Six years ago they introduced the Nintendo DS, and surprised many North American analysts by continuing their dominance in the handheld space and out-selling the Sony PSP in what was then a "graphics power loving" U.S. market.
Four years ago, they introduced the Wii and turned the console business upside down, out-selling far more powerful machines from Sony and Microsoft.
But in 2010, as Microsoft and Sony released new console systems promoted as "Wii Killers" Nintendo made no counterstrike. Instead, they proclaimed that no new Wii hardware was necessary.
On the handheld front, where Nintendo has long dominated the market, we've seen the DS followed by the DS Lite, the DSi, The DSi XL, and now the upcoming 3DS.
Where Nintendo has not defended the Wii at all, one could argue they've over-complicated their evolution of the DS, risking the age-old sales nemesis: "I'll just wait for the next version and then I'll buy."
Why defend the handheld turf so fiercely and appear to leave the console door unlocked? Because Nintendo is continuing to count on the significant price difference between the console machines. As of this writing the most basic Wii at Amazon comes in at $179.99, while the least expensive 360 + Kinect is $344.99 and the PS3 with Move bundle is $399.95.
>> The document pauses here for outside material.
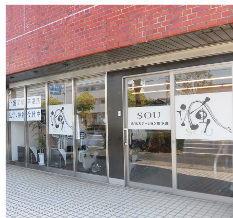
■医療法人 エム・ピー・エヌ 武田病院 HP http://takeda-h.byoinnavi.jp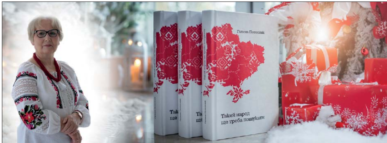
Галина Потопляк, українська поетеса

Will the "Everything is OK" strategy work for the Wii now that Microsoft and Sony have advanced motion controls, especially with the steady price cuts that the 360 and PS3 have implemented year by year? I'll take on that topic in Part 2 of this 3-part series.
And that, as the headline says, is Part 1 of How the Console Makers are Making and Reliving History.
Do you disagree? Use the comments box below to share your thoughts.
Copyright (c) 2011, Don Daglow. All Rights Reserved.

From Christian Svensson via Facebook: (Thanks, Christian, for your permission to relay this):
Christian Svensson: Interesting perspective. I'll make no counterargement that the Wii's success was stunning (it was). I'd argue though that most analysts assumed the DS would be successful given the dominance of the GBA and Gameboy before it. In that market segment, PSP was the upstart (and in Japan was VERY successful). Secondly, the comparison to Sega in the 90s has a major difference... the cash positions between the companies are wildly different. Sega had billions of dollars in debt. Nintendo has billions of dollars in cash reserves and no debt. I'm not sure they HAVE to be as reactive. :)
Posted by: Don Daglow | January 10, 2011 at 12:53 PM
I agree re the handhelds, though I may not have worded it well. Nintendo were the leaders after the GBA and then defended that turf successfully. The only criticism there might be that they at times have balkanized their market with too aggressive a supply of new models.
Re Sega and Nintendo: yes, you're right. Sega bet the hardware side of the company on their Saturn strategy and lost. Nintendo is merely betting market share and leverage for the future, and are in a dramatically better financial position.
Thanks, Christian, for taking the time to write this!